Technology
Often technical issues around computer configuration can be frustrating, but they are an important component of doing data science. You will need a number of different systems setup on your computer for this class.
We will be testing this semester a online JupyterHub instance that should simplify a lot of the setup. However this is still in an alpha release and it would be good to get an alternate compute environment setup on your laptop.
In describing options, there are cloud and laptop based ways of doing the exercises.
Cloud
A cloud based way of doing data science doesn’t require you to install anything and you can be up and running in working with concepts asap.
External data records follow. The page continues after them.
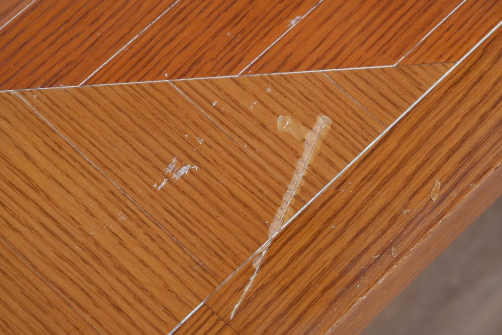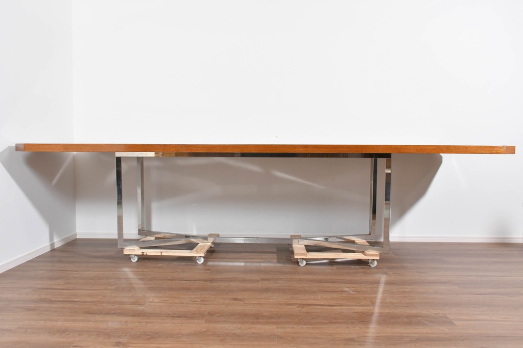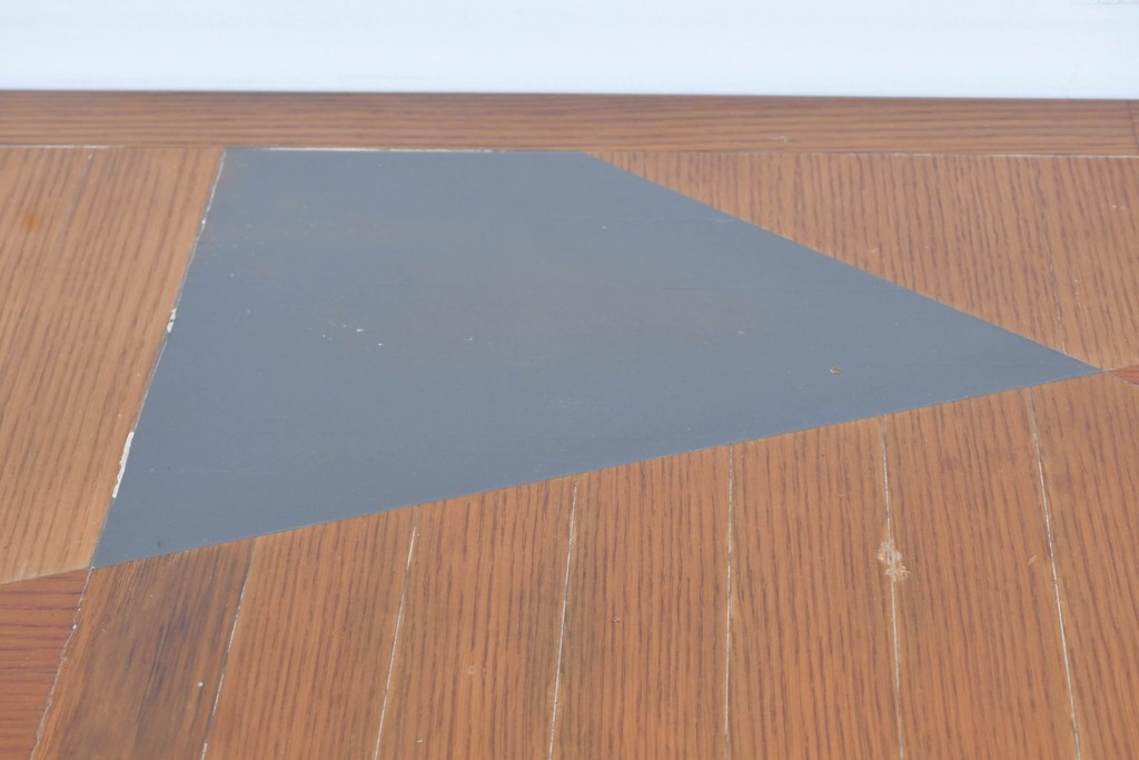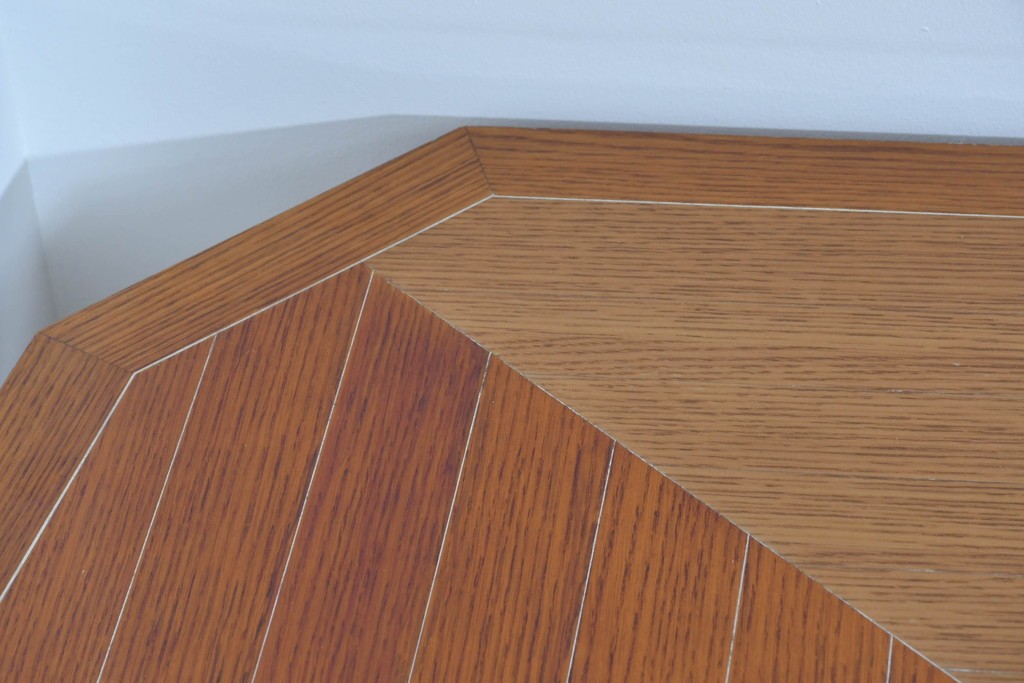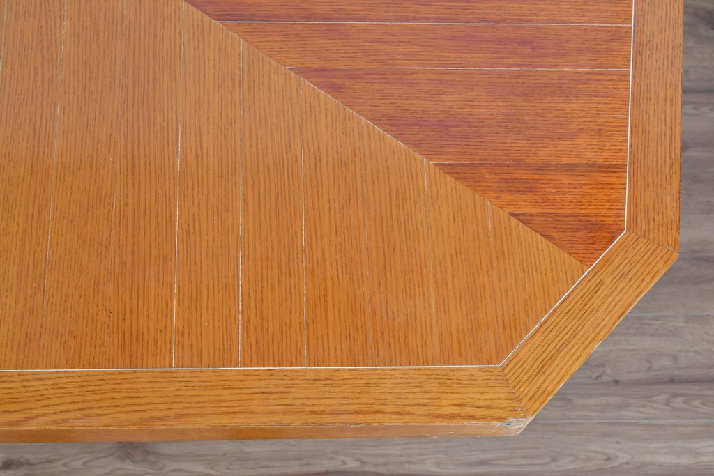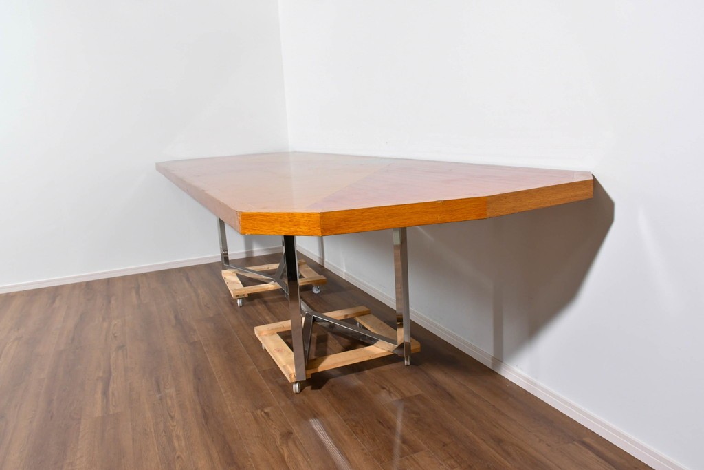 幅約350cmの特大サイズに広がる幾何学的な天板デザインが印象的で、ポストモダン期らしい自由で大胆な造形が楽しめます。異なる色調の木目を組み合わせた意匠は空間の主役として存在感を発揮します。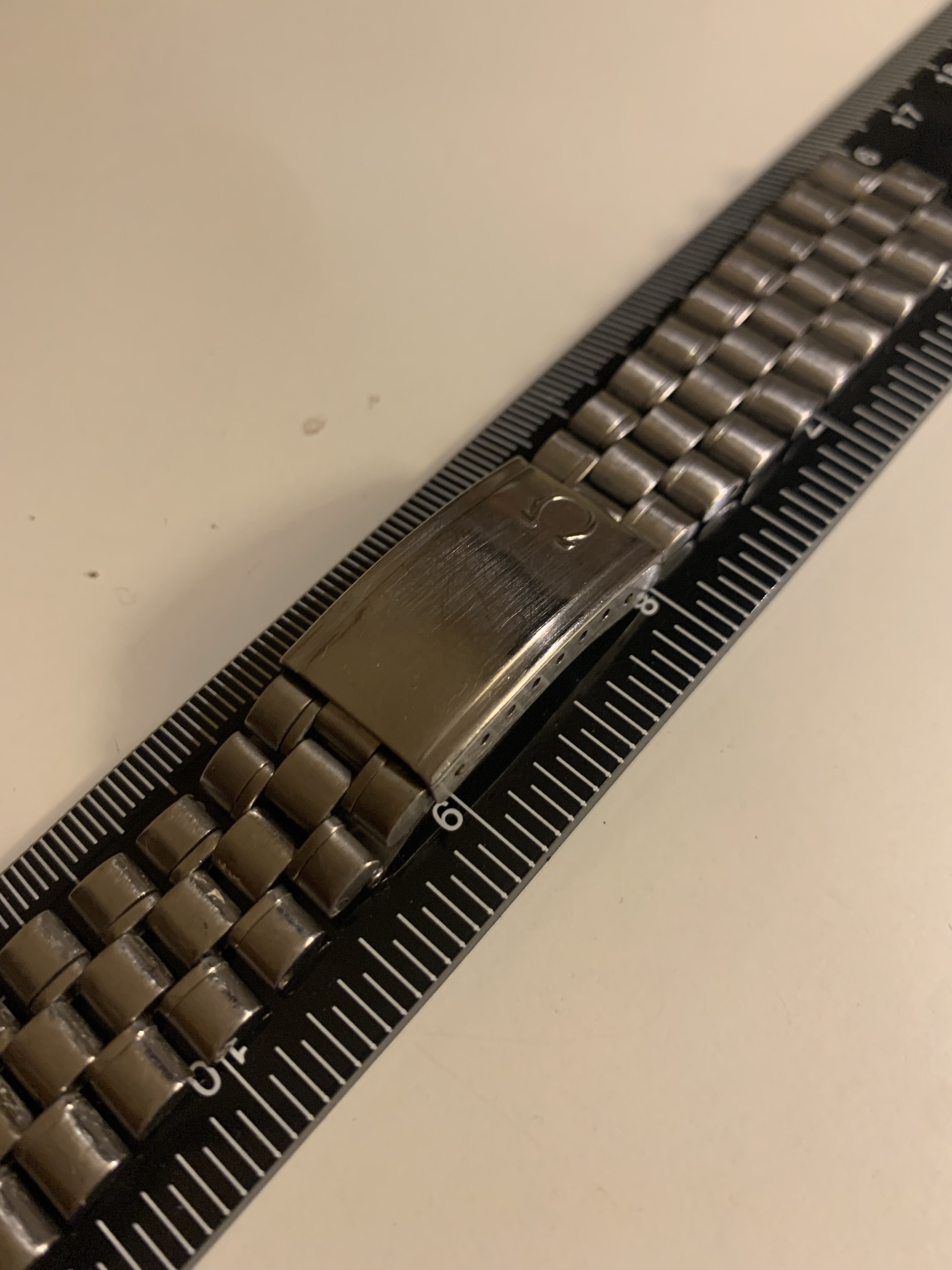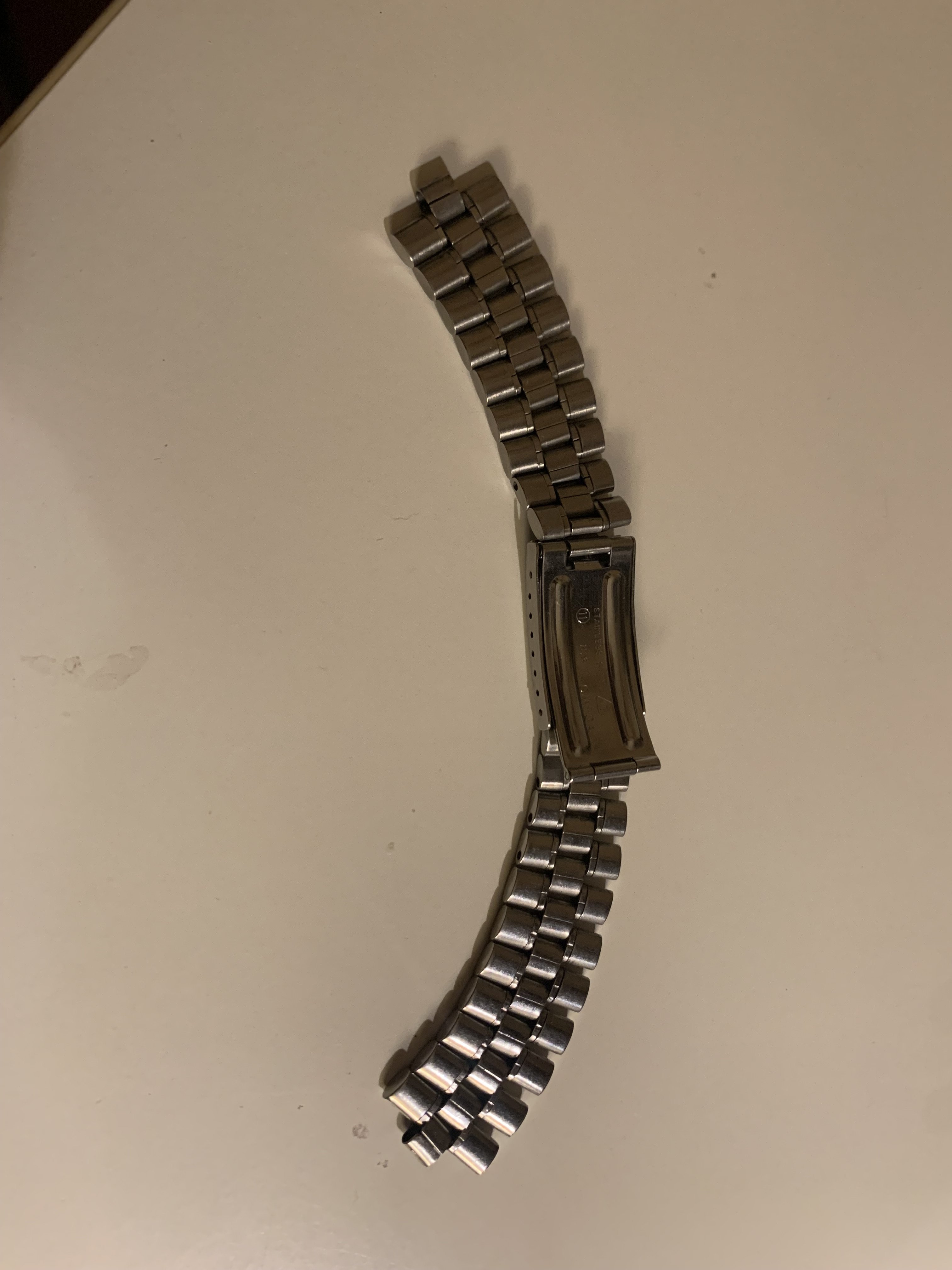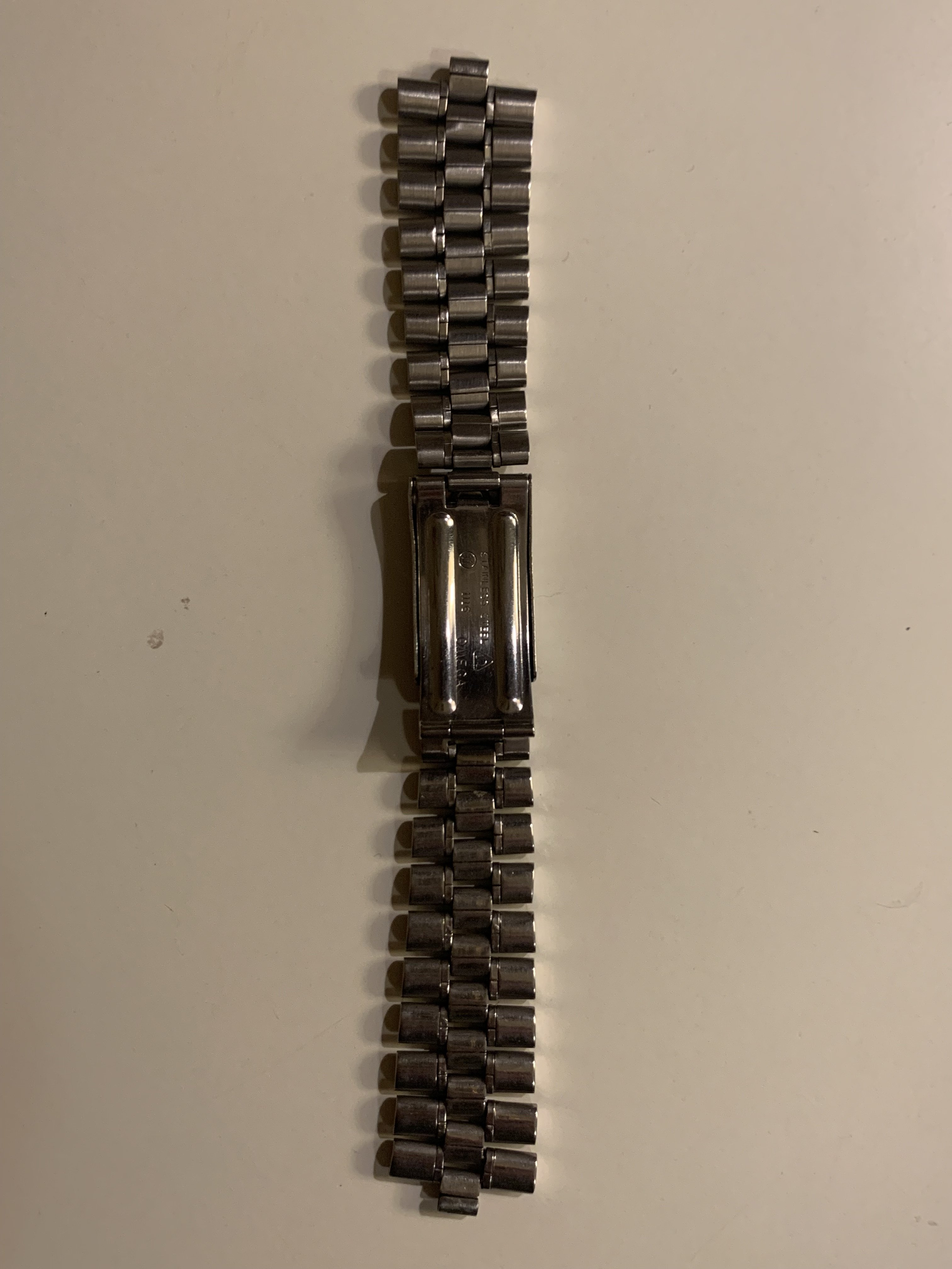 The bracelet was not polished by me. It has little stretch for a 1116 and the clasp closes tight. It has a length of app. 16,5 cm (6,5 inches)It has solid steel links and a fully brushed surface. Included is a pair of original 548 end links, so the bracelet is ready to be installed on your watch.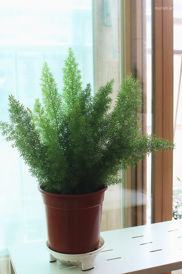 생각지 못한 인연으로 함께 살게 된 아스파라거스 메이리(asparagus meyeri). 여우 꼬리처럼 생겨서 여우 꼬리라는 별명이 있는데 너무 귀엽다. 곧 꽃도 펼 거 같고, 찾아보니까 빨간 열매도 맺힌다는데 기대된다.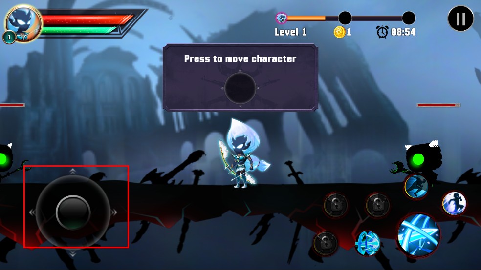 2、用左侧虚拟摇杆,控制角色在场景移动,探索关卡。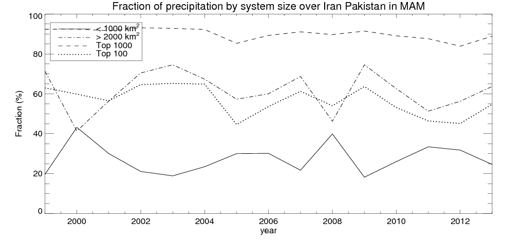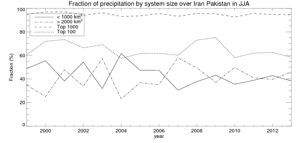 Precipitation fraciton by system size
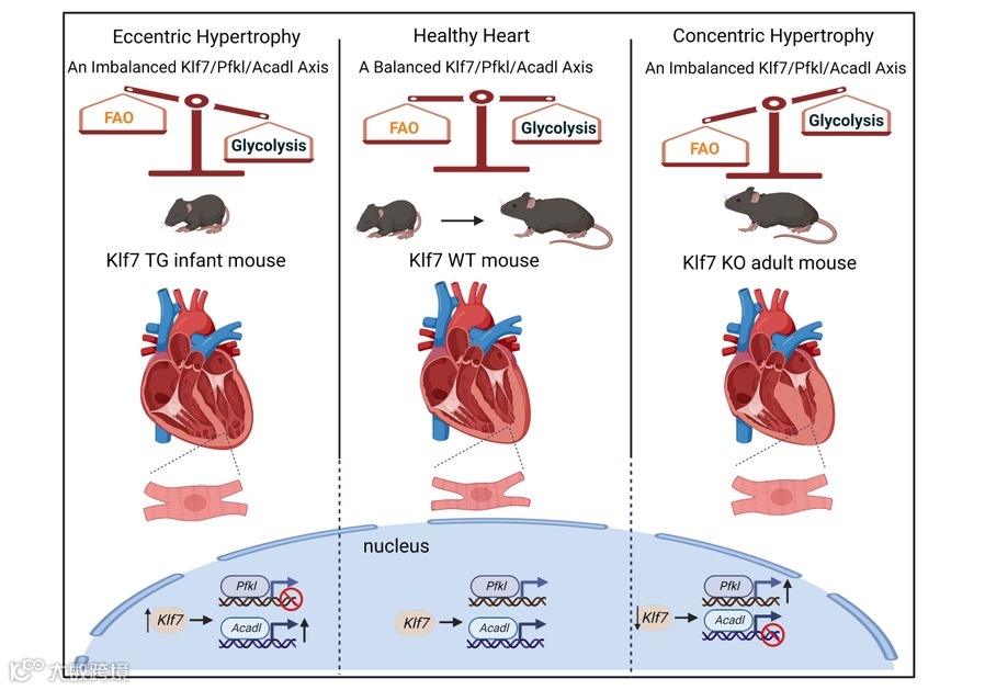 在心肌肥厚和心力衰竭阶段,糖脂代谢底物的转换是一种代偿性现象还是重要致病因素,几十年来一直存在争议,本研究证实糖脂代谢底物的转换是引发心肌肥厚的独立因素。研究发现,Klf7心肌特异性敲除(KO)小鼠和Klf7心肌特异性过表达(TG)小鼠分别干扰成年和幼年时期心脏的糖脂代谢平衡,导致其心脏收缩功能障碍和心肌纤维化产生。因此,KO和TG小鼠均可作为自发性心肌肥厚模型,为研究幼年到成年阶段代谢疾病的病理进展提供基础。最终,团队通过体内和体外实验,证明心肌特异性敲低磷酸果糖激酶(Pfkl)和过表达长链酰基辅酶A脱氢酶(Acadl)分别通过抑制糖酵解和增强脂肪酸氧化来部分缓解KO小鼠的心肌肥厚病理表型。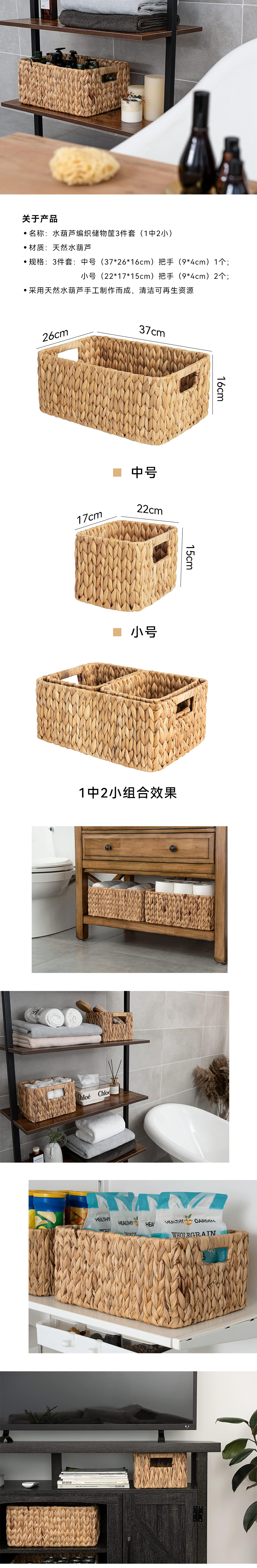 手工编织水葫芦藤编收纳盒 创意草编收纳篮可放卧室、浴室、食品储藏室、货架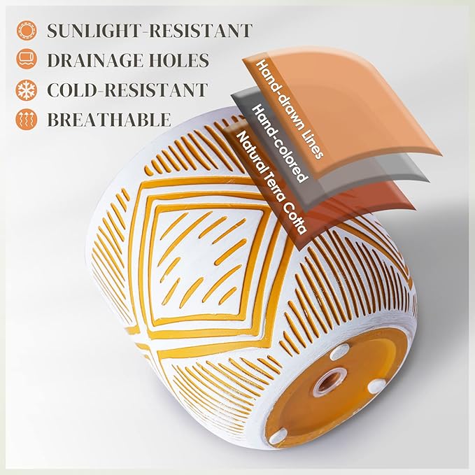 - Boho Style Flower Pots: The 2 modern bohe style ceramic flower pots have raised carved lines and bright yellow lines inside for a vibrant look.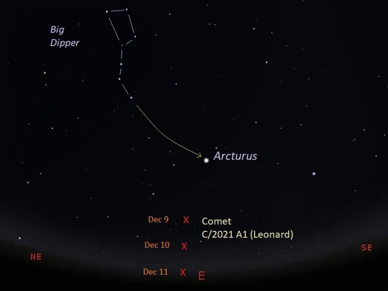 مايزال ليونارد (C / 2021 A1) ألمع مذنب لهذا العام 2021، يتم رصده باتجاه الأفق الشرقي خلال ساعات قبل شروق الشمس، ووصل لمعانه إلى القدر السادس وهذا يجعله بالكاد مرئيًا بالعين المجردة لكنه هدف سهل للكاميرات الرقمية.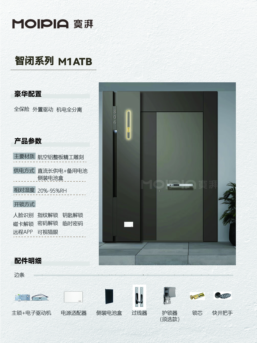豪华配置 全保险 外置驱动 机电全分离 产品参数 主要材质:航空铝整板精工雕刻 供电方式:直流长供电 + 备用电池 侧装电池盒 相对湿度:20%-95% RH 开锁方式:人脸识别 指纹解锁 钥匙解锁 磁卡解锁 密码解锁 临时密码 远程 APP 可视猫眼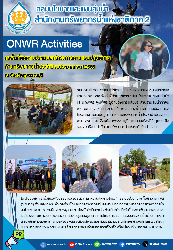 สทนช.2 ลงพื้นที่ติดตามประเมินผลโครงการตามแผนปฏิบัติการ ด้านทรัพยากรน้ำประจำปี งบประมาณ พ.ศ.2568 ณ จังหวัดสุพรรณบุรี 31 มีนาคม 202531 มีนาคม 2025 by ปวีณา ประกอบพันธ์

Our Cloud: lab.analyticsdojo.com
For the cloud instance at lab.analyticsdojo.com, there is some cool technology that is driving this. We are utilizing Kubernetes on the Google Cloud Platform to run Jupyterhub. This is based on some amazing work by a talented community of open source developers.
When someone logs into the platform, the students obtain their own container to run on, giving them access to a compute environment that is much more flexible than a typical brower.
##Laptop
When running on your laptop, there are 2 different configuration options that that are possible.
For most users, managing the analytics environment with Anaconda seems to work quite well. Anaconda is a package manager with detailed instructions for Mac/Windows/Linux users. In this clase
It is also possible to run Docker on your laptop, mirroring the same compute environment that you enjoyed on JupyterHub cloud environment. This has worked perfectly in the past for Mac users and not so well for Windows users, but I understand Docker for Windows has come a long way.
Git and Github
Git is a version control system use to track changes to code, and when combined with Github it is an extremely powerful way to collaborate.
Install the git command line tool. There are a lot of options but you should be able to just utilize the defaults.
Create an account on github.com.
Install Github desktop if using OSX or Windows. Click here for download instructions for Github Desktop.
Once you are done installing Github desktop, open the program. Sign in with your Github Credentials to link the desktop application with your Github account.
Clone the class repository either from the desktop tool or from the command line.
From the Github tool:
From the command line:
git clone https://github.com/jkuruzovich/techfundamentals-spring2018-materials
In the future when you want to update the repository, you can do so either from the command line or the GitHub Desktop tool.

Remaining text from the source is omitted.